◆ Work instructions ◆
Please retype the data below exactly, stopping after the line with "This light is" and skipping every picture.
Material to process START
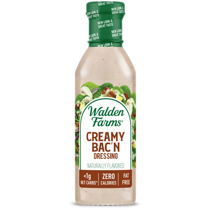 Walden Farms Creamy Bac'n Dressing is a healthier alternative to your typical store-bought dressings. This calorie free dressing features a culinary-inspired blend of dried garlic and onions along with simple ingredients like organic vinegar and Dijon mustard that mix together to create an irresistible creamy bacon flavor. Eat right and enjoy your meal with this dressing that can be used on greens, sandwiches, fries, and as a great dipping alternative. As an added bonus, this dressing is cholesterol free, fat free, sugar free, dairy free, gluten free, vegan, Kosher, and Keto friendly. Comes in a ready to use 12 oz. pour bottle.
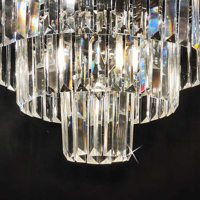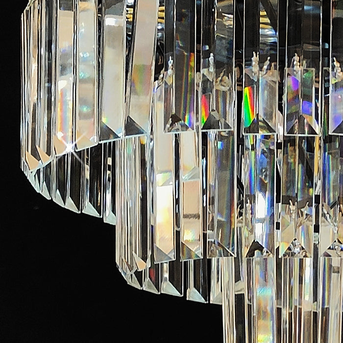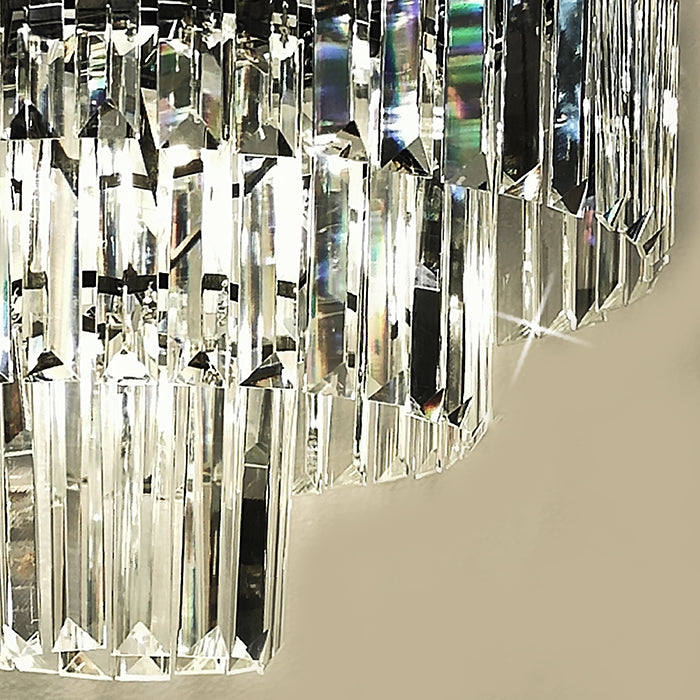 This light is luxurious, like an empire. This is two options(ceiling/pendant) chandelier finished in black metal frame, it has its shinny crystal pieces cascade down from the rounded ceiling fixture. The two echelons level enhances layer effect of the light.
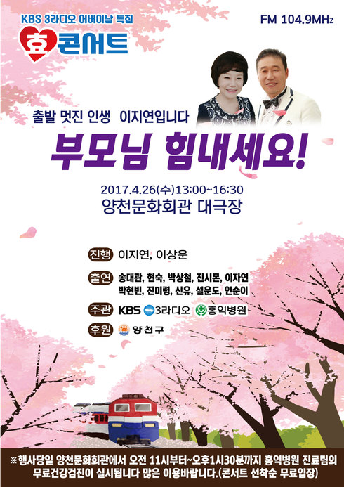 [시사인경제] KBS 3라디오 출발 멋진 인생 이지연입니다(FM 104.9MHz, AM 1134KHz 매일 오후 2시 방송)에서는, 4월 26일 오후 2시부터 양천문화회관 대극장에서, 어버이날 특집 孝콘서트 ‘부모님 힘내세요’를 개최한다.
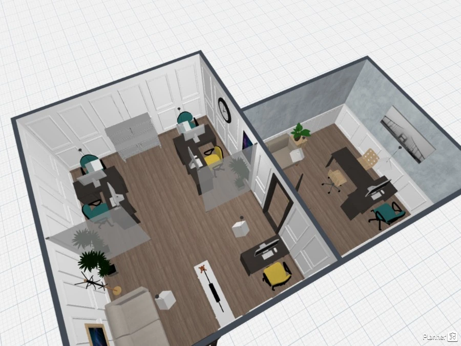 Use the office design planner to create a functional and ergonomic working space featuring recreation, meeting, and other zones to meet the need of employees.
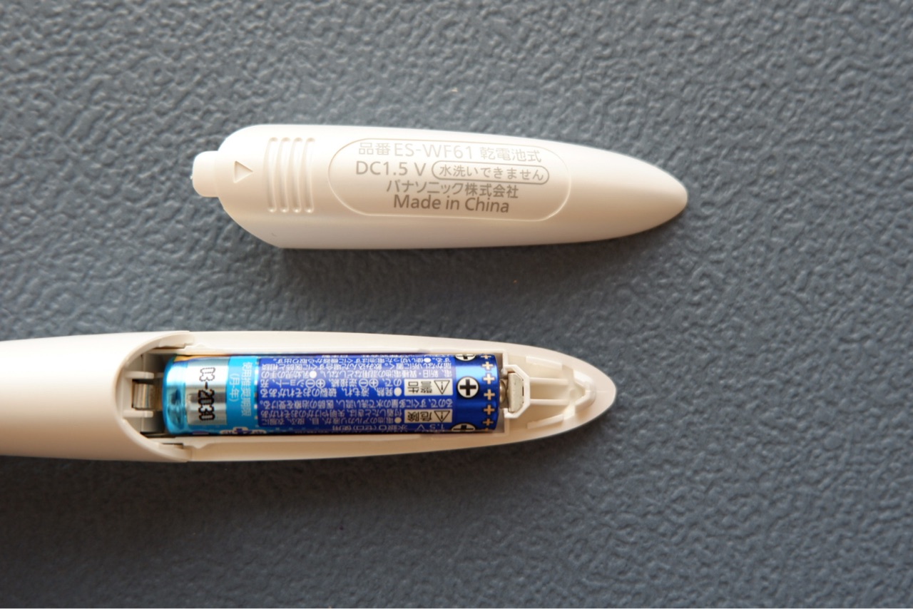 *説明書には週2回、1回5分使用として単4形アルカリ乾電池で約1か月分と記載あり
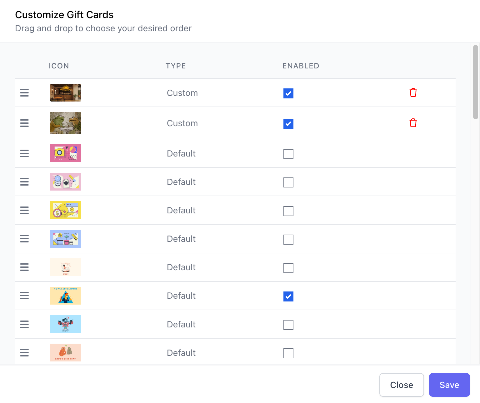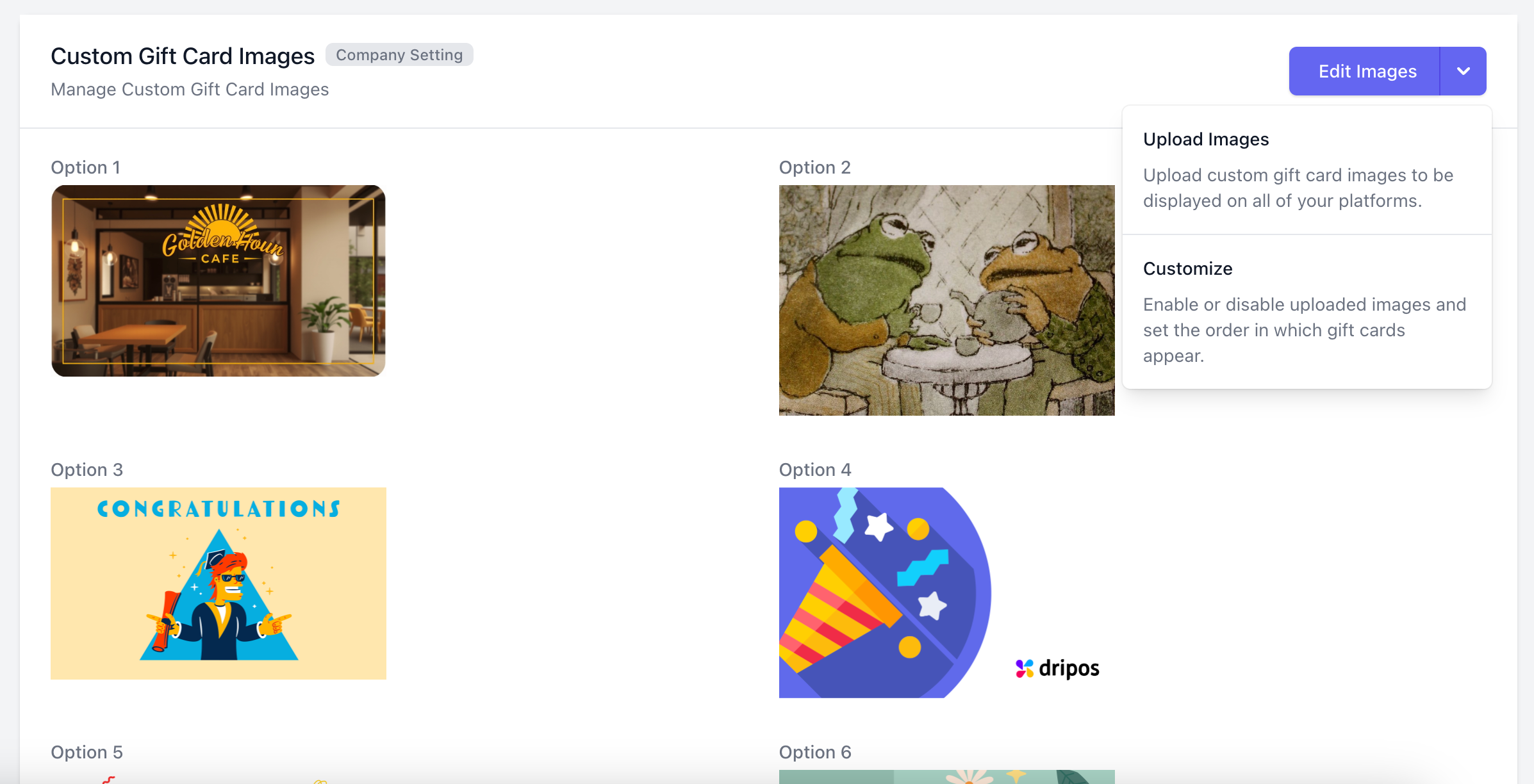 Customize Gift Cards: Reorder the display of gift cards and enable/disable specific gift cards. Click Edit Images > Customize.
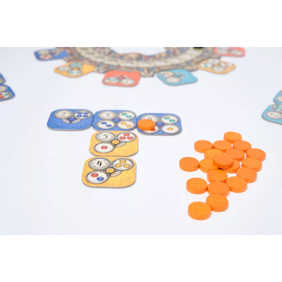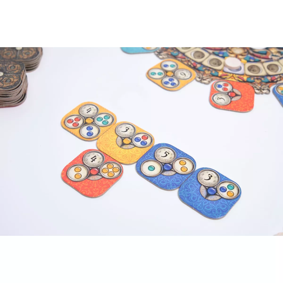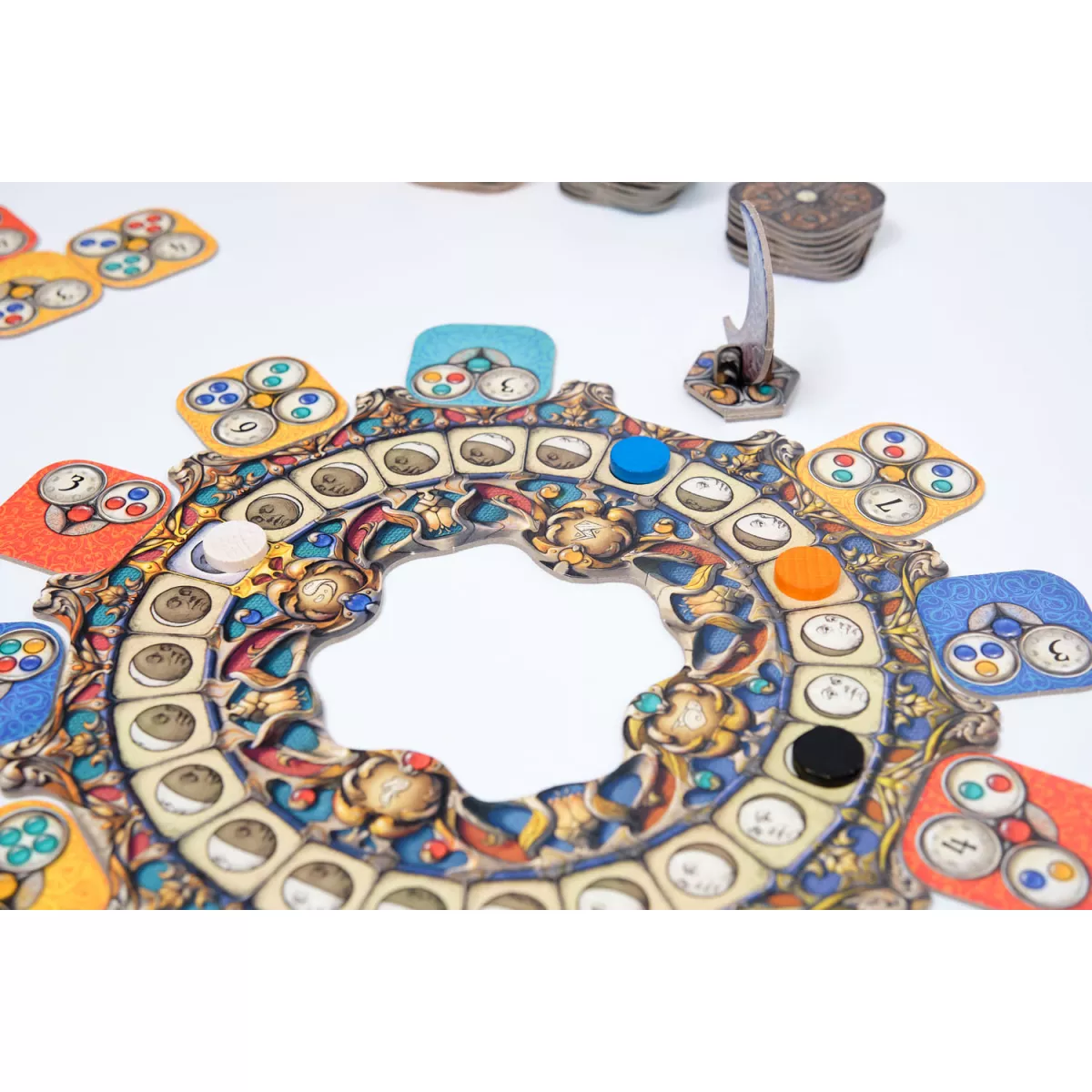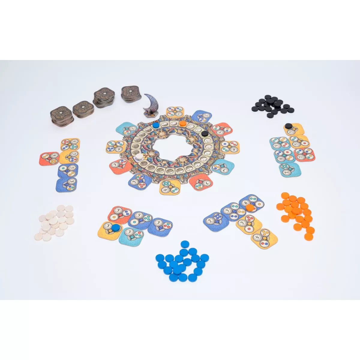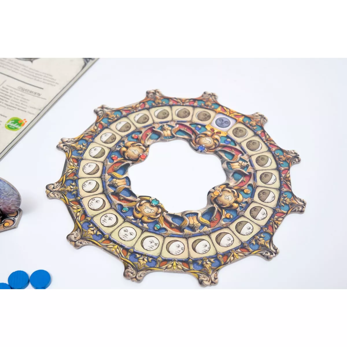 У коробці 1 місячне коло, 1 фігурка місяця, 68 плиток, 84 дерев'яні диски, Правила
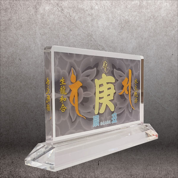 大師首創防疫吉祥物!大師根據子平術數「庚」「辰」「丑」乃降伏瘟疫之密碼,設計此防疫枱座,並加以密宗梵文種子字加持五行「金」與「水」,化解瘟疫「火熔金」之火毒,散熱有功,可保健康平安,乃疫情期間公司、家居、店舖及外出旅遊時,必備之傍身吉祥物!
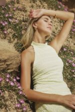 Day based pricing : With harper Lu Textured Halter Mini in Lemon Size Medium
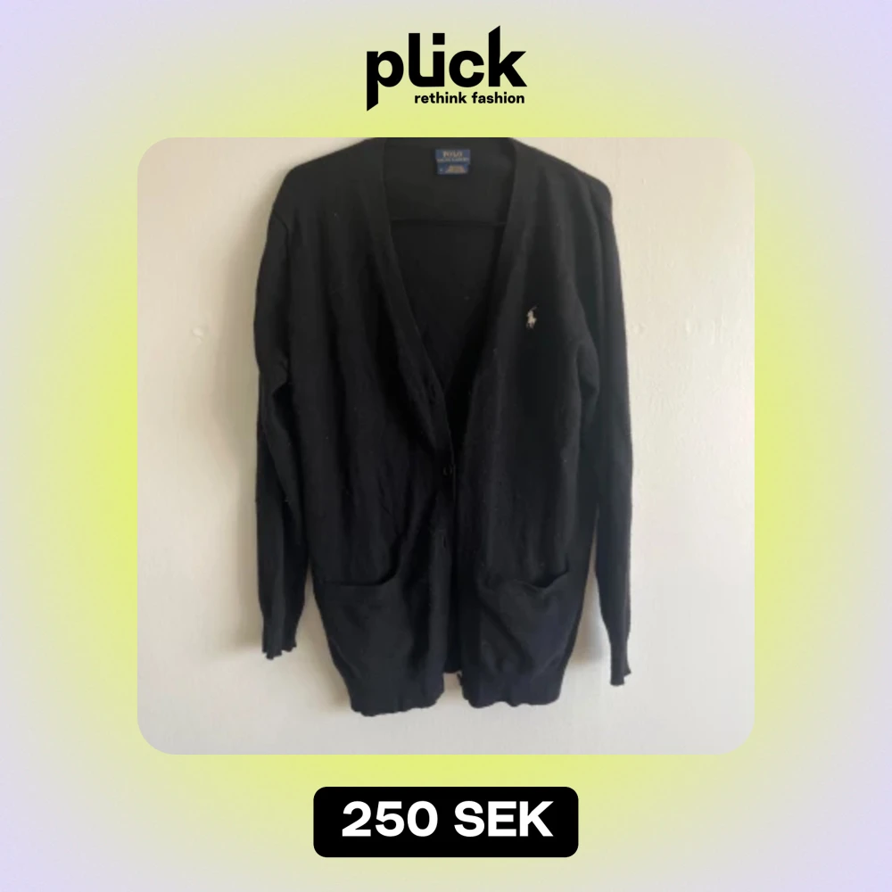 Svart tunnstickad kofta från Ralph Lauren. Tecken på användning finns men fortfarande i fint skick. Passar allt från XS-M
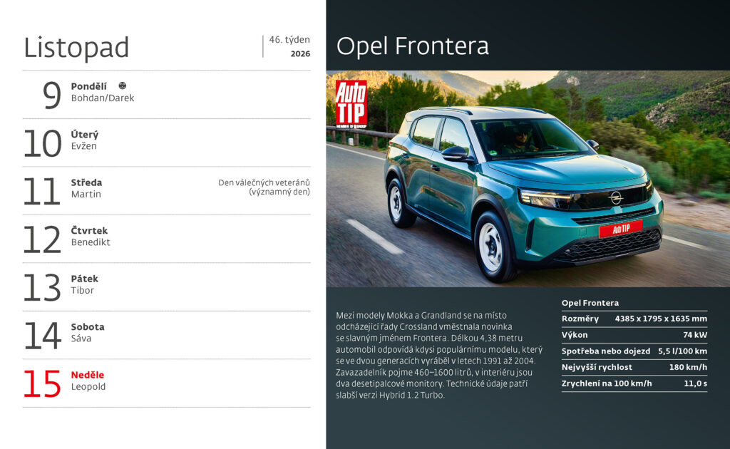 Prostor pro přítisk: 22,6 x 3 cm Kalendář Auta 2026
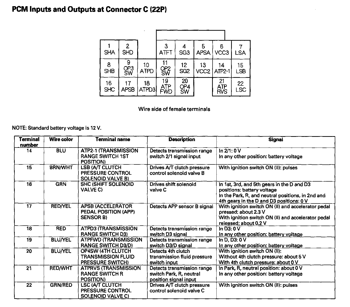 PCM Inputs And Outputs At Connector C (22P) Part 2:
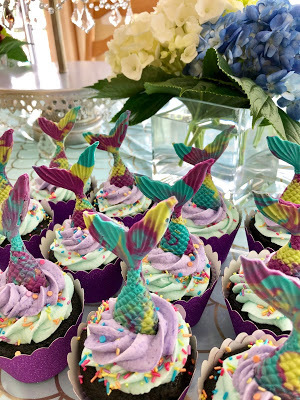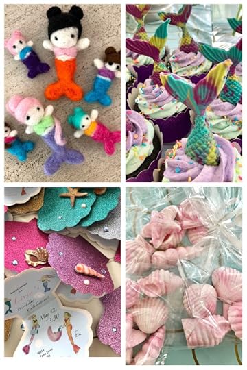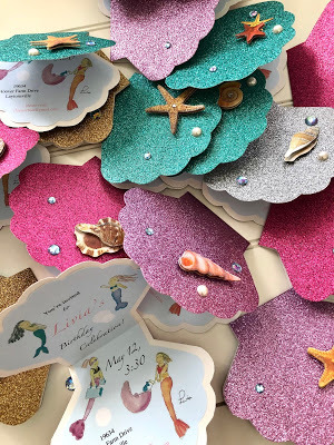 I like for my girls to be involved as much as possiblewith making their invitations and party favors. My daughter used watercolors to illustrate the mermaids.She did a fabulous job; I loved how they turned out!I created the seashell template and together we cut, pasted,
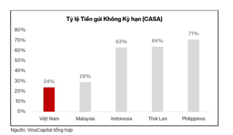 Tuy nhiên, VinaCapital lưu ý rằng khả năng cải thiện biên lãi ròng của các ngân hàng sẽ bị giới hạn, khi tỷ lệ tiền gửi không kỳ hạn (CASA) hiện chỉ ở mức 20–25%.
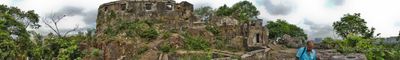 The fort structure includes broken stone steps, scattered walls, and remnants that provide insights into military engineering from the colonial period.
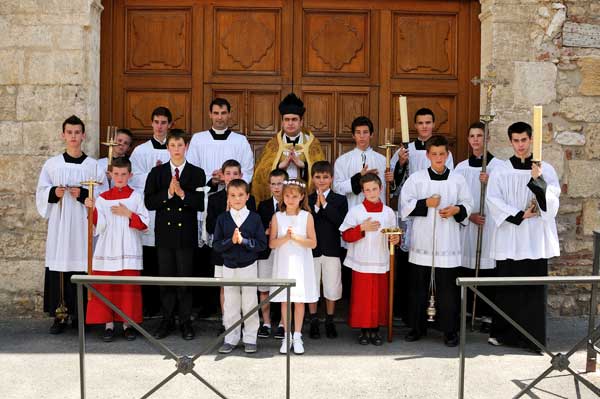 Dans l’église Saint-Jean des Cordeliers, magnifiquement restaurée par l’abbé François de Champeaux, l’abbé Jean-Marie Salaün, prieur, est heureux en ce dimanche 26 juin 2011 de voir grandir ces enfants dans la voie de la sanctification. Doublement heureux d’ailleurs, car il a pu annoncer l’ouverture, pour le mois de septembre, de l’école Sainte-Jeanne d’Arc à Bergerac.
Material to process END
◆ Solved problem ◆
 Walden Farms Creamy Bac'n Dressing is a healthier alternative to your typical store-bought dressings. This calorie free dressing features a culinary-inspired blend of dried garlic and onions along with simple ingredients like organic vinegar and Dijon mustard that mix together to create an irresistible creamy bacon flavor. Eat right and enjoy your meal with this dressing that can be used on greens, sandwiches, fries, and as a great dipping alternative. As an added bonus, this dressing is cholesterol free, fat free, sugar free, dairy free, gluten free, vegan, Kosher, and Keto friendly. Comes in a ready to use 12 oz. pour bottle.
 This light is luxurious, like an empire. This is two options(ceiling/pendant) chandelier finished in black metal frame, it has its shinny crystal pieces cascade down from the rounded ceiling fixture. The two echelons level enhances layer effect of the light.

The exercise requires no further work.